Matias assured the audience that even if you don’t have the best data tools and practises at place you can still get some nice results by utilizing the data you have and remembering that qualitative data is data too.
His lessons learned were:
- It’s about attitude, not about tools or process
- Don’t be afraid of sunken costs
- Smart default values don’t require AI
- Sometimes you learn by accident
It all starts with solving the correct and actual problems.
AI for news media
Last speech I had the pleasure to hear came from Jarno Koponen at Yle about AI for news media.
Jarno is the product lead for Yle NewsWatch. The value proposition is : interesting news come to you, get the news alerts that matter to you – on topics that you find interesting, experience and interact, wherever you are (by allowing location tracking), the way that works to you (mobile, apple watch etc.).
Jarno was especially focused on the battle for the lock screen on mobile devices which he believes to be the new news feed as well as a new algorithmic layer for personalization.
NewsWatch is developing a digital assistant called Voitto.
Voitto is a digital assistant that learns from you and with you all the time, not just in the app but on your lock screen too. Notification on the lock screen -> user can tell directly to Voitto if the content is interesting.
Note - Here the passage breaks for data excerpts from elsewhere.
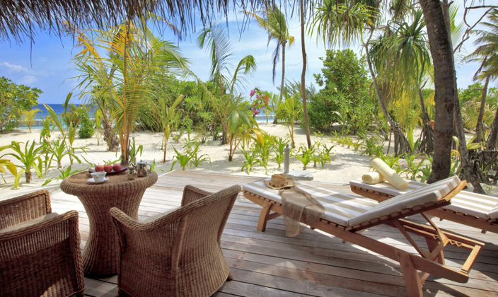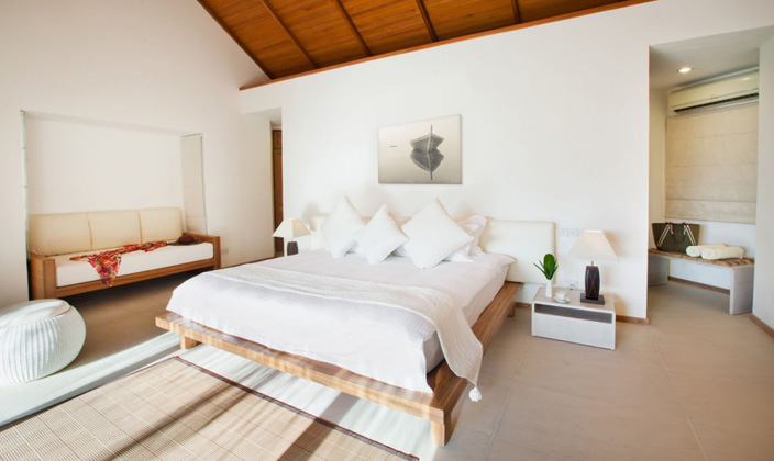 別墅坐落在海灘,有私人陽臺,房間浴室是半開放式的,并設有雙面盆和淋浴一個室外花園區(qū)設有石頭做的花灑淋浴。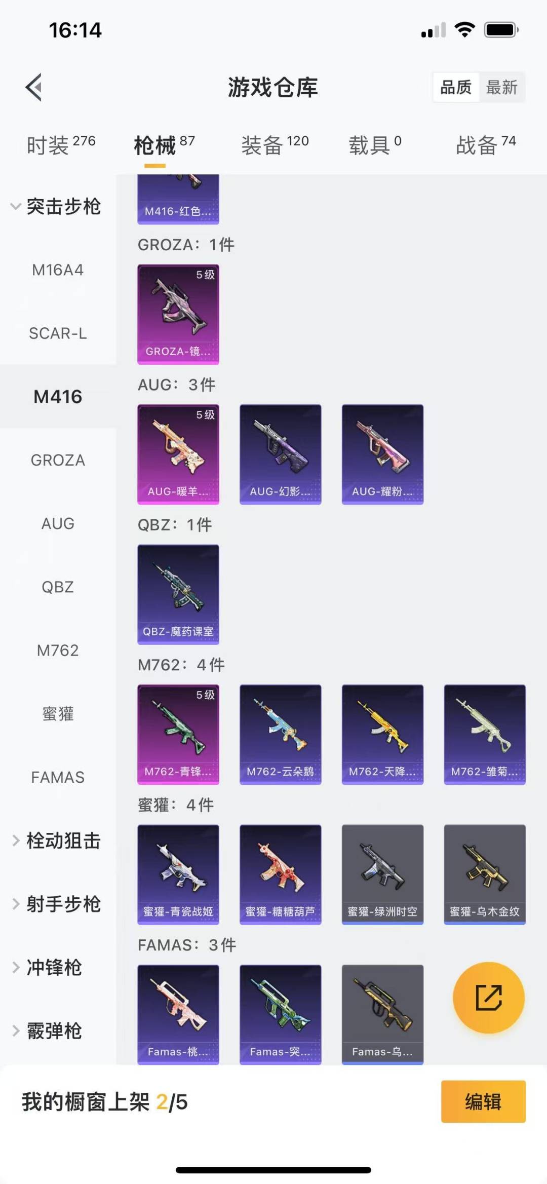 - [11014553]实名: 可修改 时装数: 392 枪械数: 114 战备数: 85 热门装扮: 鹰眼刺客,都市猎人,金丰海韵,时空协奏·心弦 稀有枪皮: SCAR-L-锦绣绵绵,M416电玩时刻,Kar98K-巳巳如意,DP-28-豹影疾电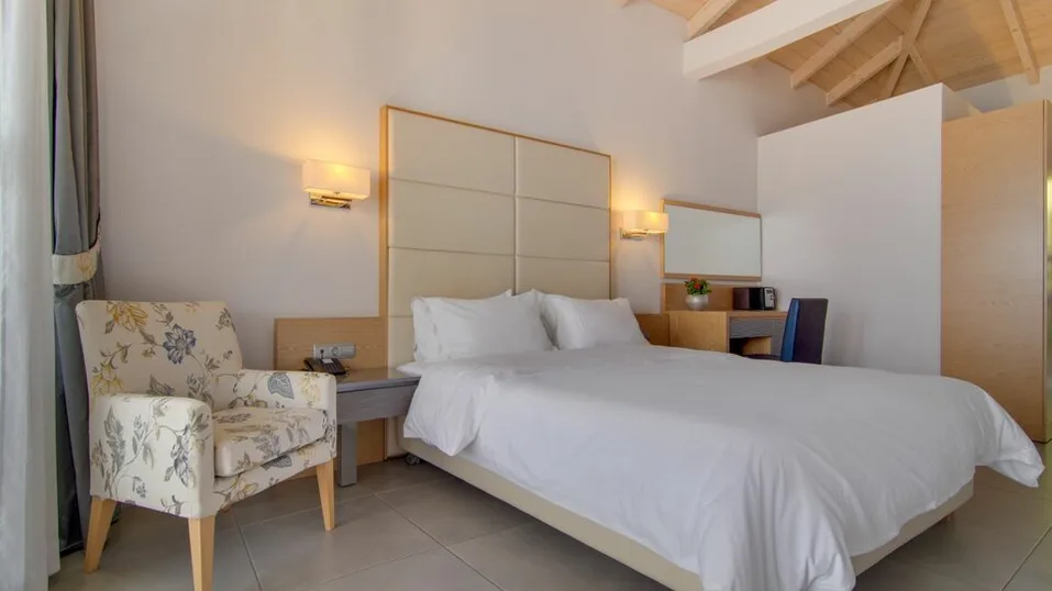 Hotel raspolaže sa oko 70–80 smeštajnih jedinica, raspoređenih u nekoliko nivoa i aneks zgrada, većina sa pogledom na more ili vrt. U ponudi su standardne i komforne dvokrevetne sobe, trokrevetne sobe, porodične sobe i apartmani, idealni za smeštaj porodica sa decom ili društava prijatelja. Sve jedinice kombinuju tradicionalne elemente sa modernim detaljima, klimatizovane su i opremljene televizorom, mini frižiderom i balkonom ili terasom. Pojedini apartmani imaju i malu kuhinju ili prostranije kupatilo sa tuš kabinom ili kadom.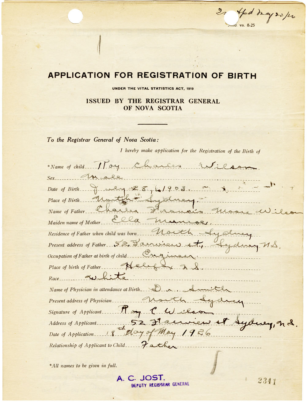Nova Scotia Archives — https://archives.novascotia.ca/vital-statistics/birth/?ID=461430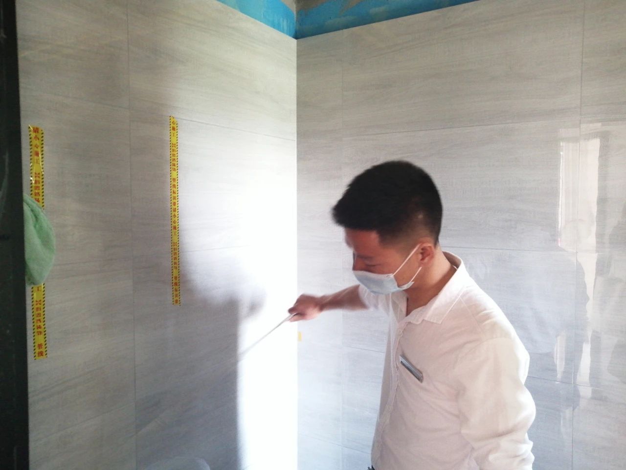 ▲工程質(zhì)檢談代超在檢查墻磚是否有空鼓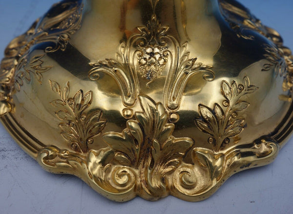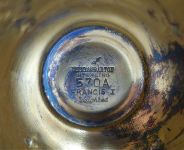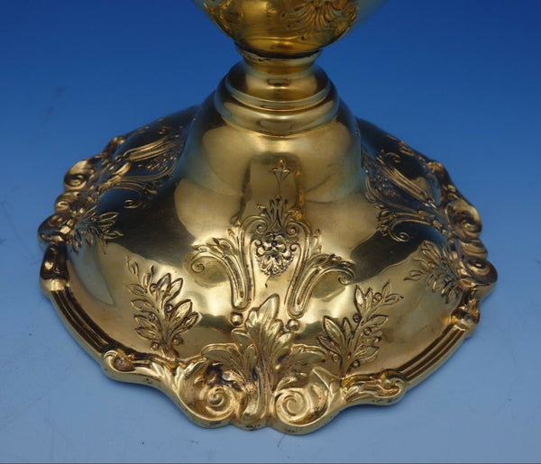 Outstanding Francis I by Reed and Barton sterling silver hand chased candlestick pair marked #570A. The pair are vermeil (completely gold washed) the gold can be removed upon request. The pieces measure 10 1/2" tall and 5" diameter at the base and are weighted. They are not monogrammed and are in excellent condition. Incredible!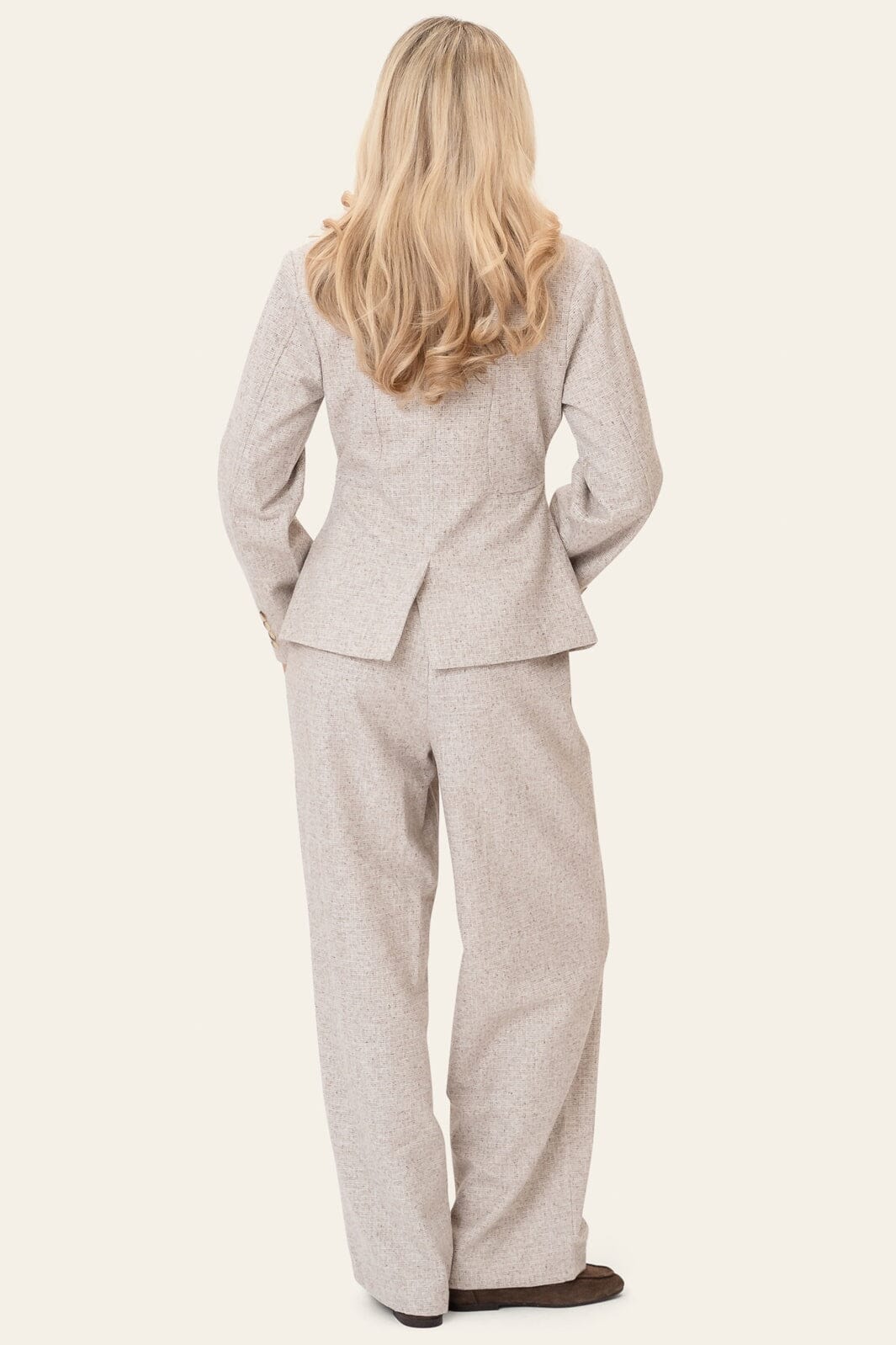 Beige blazer från BYIC med strukturerat tyg och figurnära midja. Blazern har skjortkrage, naturfärgade knappar och två fickor med lock.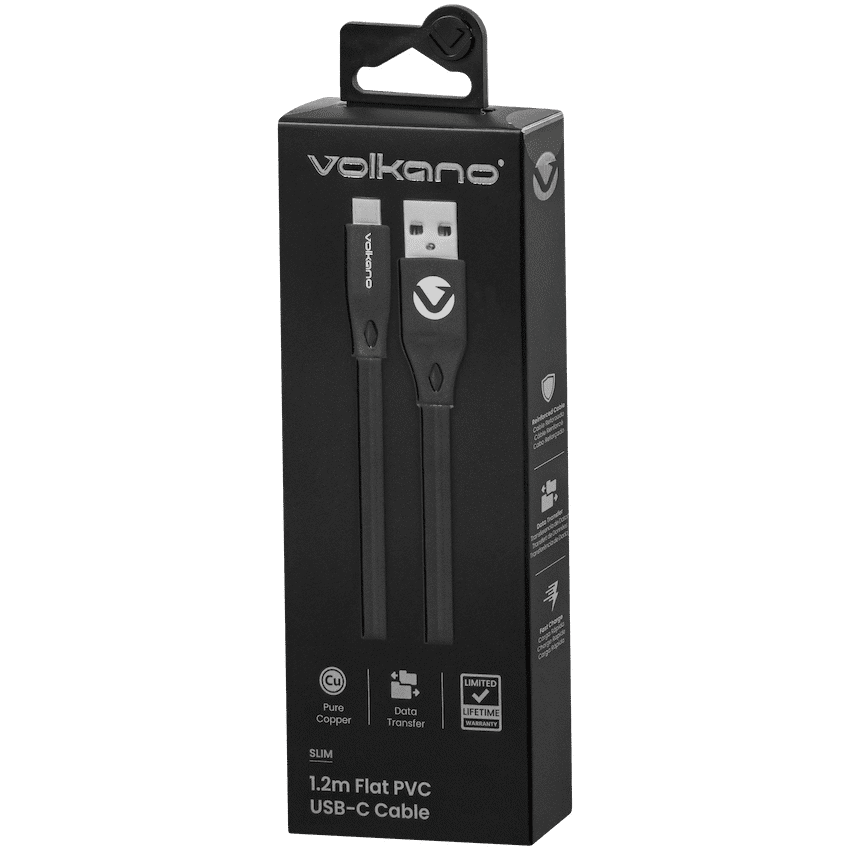 Volkano Slim Series Flat PVC Type-C Cable 1.2m – Black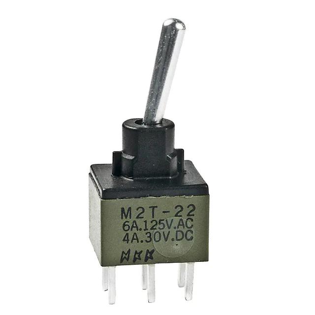 This is manufactured by NKK Switches. The manufacturer part number is M2T22SA5W03. It is assigned with possible HTSUS value of 8536.50.9065. The product is rohs3 compliant. The product offers long-lasting services of 25,000 cycles. Moreover, it has pc pin terminal style. 30 v of DC voltage rating. The product has -30°c ~ 85°c operating temperature range. The actuator is a 12.70mm long. The product exhibits 125 v of AC voltage rating. In addition, it is reach unaffected. It is shipped in tray. It is designed as a on-on switching function. Its typical moisture sensitivity level is 1 (unlimited). It has an integral dpdt circuit. Additionally, the product's output is 6a (ac), 4a (dc) The splendid features of the product include process sealed. The product is available in through hole configuration. The product m2, is a highly preferred choice for users. The product has bushing thread of unthreaded. The product carries standard round actuator. Is this product illuminated? non-illuminated. The actuator is designed from sturdy brass, nickel plated material. The product is designated with the ear99 code number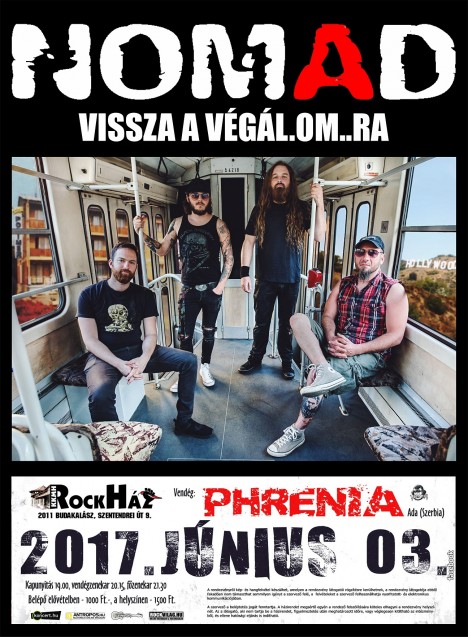 A RockHáz színpadára szezonzáróként és persze egyben nyárindítóként a Nomad zenekar érkezik, június 3-án szombaton. A Márványmenyasszony turné keretében Budakalászon vendégeskedő zenekar 21:30-kor csap majd a húrok közé, előtte pedig egyenesen Szerbiából, a Phrenia csapata melegíti a hangulatot.

Figuring out the KPIs for a smart assistant is the next challenge: Content + AI + UX = Impact. What is the KPI for truth?
Reflections
This day gave me a bunch of new information and a lot of repetition on previous learnings as well – which is always good. I’m no data scientist so I was glad none of the presentations were too complicated or filled with industry terms for me to follow.
I especially enjoyed Tom’s talk as well as Jarno’s because I’m big into emotions and the humane/ethical side of designing for the future. Cheers DDDD2018 and kudos to Lassi for this informative event.
Next year maybe have polls for participants during the event online or think up some other cool ways to encourage questions and conversation, this year it was very “finnish” 😉 (myself included).